There are two ways in which target de-dupes can be performed, and they are either as post process de-duplication or inline de-duplication.
The de-duplication that occurs between the source and the destination or target is what is what is termed Inline de-duplication. On the other hand, Post process de-duplication is best defined as the situation whereby data is de-duplicated at programmed time frames when it has already been transmitted by the source, but prior to it getting to the storage device. The channelling of the data can either be through hardware or software based on the case involved. Both the hardware and the software remain in sync with the storage disk. There is also the evaluation of data against the ones already in the storage disk for easy identification and removal of duplicated data, irrespective of the target de-duplication being used.
The enterprise that has proprietary software installed in their system will benefit enormously from the post process de-duplication. But, there is not always a need for modification or redesigning of the source software at the organisation end in order to meet the needs of de-duplication hardware or software. There is no need to be concerned about compatibility issues, as the source system can easily push the data into transmission. There is no need for installation of de-duplication hardware or software at every terminal node in order to permit transmission of data. With the central location of the de-duplication software or hardware, data from all the nodes are automatically channelled via the de-dupe device located on the network.
Lastly, for more effective use of enterprise computing system, the CPU powers can be released when de-duplication load are removed from the client central process unit (CPU). This is where the post-process de-duplication is better than the pre process de-duplication. There is no doubt about the fact that the target de-dupe is quicker when compared with source de-duplication. The data is said to be pushed into the network, making the de-dupe process to operate at the storage end so as to match data quicker and remove duplicates with ease.
With lots of advantages of source process de-duplication, it is not without its flaws. The post process de-duplication is known to be bandwidth intensive. For that reason, if there is an exponential increase in the amount of data in an enterprise, the target de-duplication will not be the best option. Before scheduled post process de-duplication is started, although it might involve additional expenses, large arrays of storage disk will need to be used to create space for storage of transmitted data. This additional cost is among the flaws associated with post process de-duplication.

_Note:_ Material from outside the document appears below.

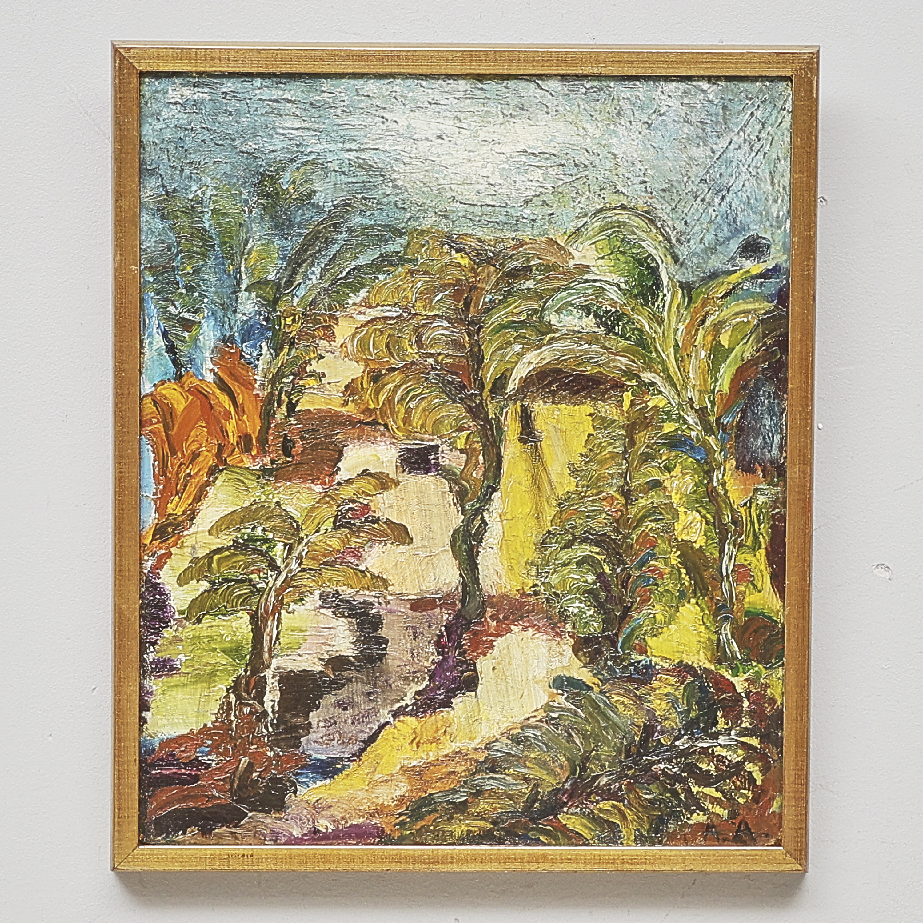 Agnes Ahlberg (1896-1972), Sverige. Träd, monogramsignerad. Olja på pannå, 54x45 cm, yttermått inklusive ram: 59x50 cm
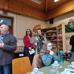 Nach dem musikalisch wunderbar umrahmten Gottesdienst begrüßten die KirchenchorsängerInnen  die BesucherInnen "mit an schean G'sang" und luden zu einem gemütlichen Beisammensein im Pfarrsaal ein.

The need to redesign the proprietary software to accommodate demands of the de-duplication devices and process, installation of de-duplication hardware at all the connecting nodes, and others will contribute to be more cost effective than the use of technologies that are based on target de-duplication. If the cloud service provider partnering with the enterprise determines charges fees based on the bandwidth usage, source de-duplication may further be attractive.
Therefore, companies must determine the particular kind of de-duplication process that will work best for them. Some of the things enterprises need to consider before selecting any of the de-duplication process include: Volume of data, availability of bandwidth, cost of bandwidth, and lots of other important factors. In fact, the exercise involved in determining the best fit for an enterprise is not an easy one.